Each line of the entries that mentions the string "with" needs to be reported.

Records from a collection
[Start of section]
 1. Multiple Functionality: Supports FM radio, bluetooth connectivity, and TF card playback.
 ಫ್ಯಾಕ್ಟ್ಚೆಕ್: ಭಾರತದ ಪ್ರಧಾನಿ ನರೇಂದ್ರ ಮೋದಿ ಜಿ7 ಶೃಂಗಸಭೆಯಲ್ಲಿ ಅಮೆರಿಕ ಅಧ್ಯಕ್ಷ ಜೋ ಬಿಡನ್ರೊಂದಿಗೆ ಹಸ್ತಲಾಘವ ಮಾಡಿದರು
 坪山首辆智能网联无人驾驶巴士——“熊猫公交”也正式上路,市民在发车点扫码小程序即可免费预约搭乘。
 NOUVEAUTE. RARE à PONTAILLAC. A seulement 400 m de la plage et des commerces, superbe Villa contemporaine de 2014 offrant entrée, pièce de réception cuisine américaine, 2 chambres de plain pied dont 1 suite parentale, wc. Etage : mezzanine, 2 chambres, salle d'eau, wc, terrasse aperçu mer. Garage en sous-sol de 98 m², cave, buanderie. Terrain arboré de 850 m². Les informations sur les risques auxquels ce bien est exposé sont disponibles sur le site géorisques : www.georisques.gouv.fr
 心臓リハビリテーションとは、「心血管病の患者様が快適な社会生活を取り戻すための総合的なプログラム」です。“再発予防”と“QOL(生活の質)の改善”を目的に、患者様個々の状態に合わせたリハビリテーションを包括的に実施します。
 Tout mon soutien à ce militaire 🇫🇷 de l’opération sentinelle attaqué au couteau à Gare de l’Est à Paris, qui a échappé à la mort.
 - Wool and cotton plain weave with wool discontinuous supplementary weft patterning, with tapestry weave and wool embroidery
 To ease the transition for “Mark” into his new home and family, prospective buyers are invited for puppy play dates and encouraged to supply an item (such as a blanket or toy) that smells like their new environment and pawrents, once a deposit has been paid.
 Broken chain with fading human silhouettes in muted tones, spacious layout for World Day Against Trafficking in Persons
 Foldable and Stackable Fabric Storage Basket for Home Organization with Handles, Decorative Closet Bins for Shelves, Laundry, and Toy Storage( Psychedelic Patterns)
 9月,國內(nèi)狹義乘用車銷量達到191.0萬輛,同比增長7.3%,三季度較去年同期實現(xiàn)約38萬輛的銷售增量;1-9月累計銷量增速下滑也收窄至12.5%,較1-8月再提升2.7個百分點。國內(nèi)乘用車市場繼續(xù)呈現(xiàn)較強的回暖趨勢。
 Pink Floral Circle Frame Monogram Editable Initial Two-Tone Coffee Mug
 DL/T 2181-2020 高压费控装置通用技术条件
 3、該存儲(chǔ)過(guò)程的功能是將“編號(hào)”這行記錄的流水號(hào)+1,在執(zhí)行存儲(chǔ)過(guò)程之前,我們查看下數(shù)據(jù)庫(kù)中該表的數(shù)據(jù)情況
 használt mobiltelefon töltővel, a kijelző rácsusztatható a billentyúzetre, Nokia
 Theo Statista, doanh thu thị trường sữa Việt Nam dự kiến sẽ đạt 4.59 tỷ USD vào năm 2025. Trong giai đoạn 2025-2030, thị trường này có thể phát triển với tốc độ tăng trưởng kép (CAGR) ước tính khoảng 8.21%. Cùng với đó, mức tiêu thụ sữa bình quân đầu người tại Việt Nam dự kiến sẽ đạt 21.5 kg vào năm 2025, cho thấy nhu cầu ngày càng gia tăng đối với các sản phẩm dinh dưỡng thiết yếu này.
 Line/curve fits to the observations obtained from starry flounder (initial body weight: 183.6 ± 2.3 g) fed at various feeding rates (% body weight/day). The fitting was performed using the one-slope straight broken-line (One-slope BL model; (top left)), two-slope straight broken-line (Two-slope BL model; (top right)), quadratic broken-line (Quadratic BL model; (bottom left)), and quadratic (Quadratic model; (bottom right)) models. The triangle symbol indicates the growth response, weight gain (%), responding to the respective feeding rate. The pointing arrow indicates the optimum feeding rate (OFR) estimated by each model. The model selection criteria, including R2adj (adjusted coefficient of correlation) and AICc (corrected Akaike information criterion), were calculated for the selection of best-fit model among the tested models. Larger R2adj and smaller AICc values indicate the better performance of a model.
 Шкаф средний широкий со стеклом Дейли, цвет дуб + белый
[End of section]
RESULT FOR THIS EXERCISE
 - Wool and cotton plain weave with wool discontinuous supplementary weft patterning, with tapestry weave and wool embroidery
 Broken chain with fading human silhouettes in muted tones, spacious layout for World Day Against Trafficking in Persons
 Foldable and Stackable Fabric Storage Basket for Home Organization with Handles, Decorative Closet Bins for Shelves, Laundry, and Toy Storage( Psychedelic Patterns)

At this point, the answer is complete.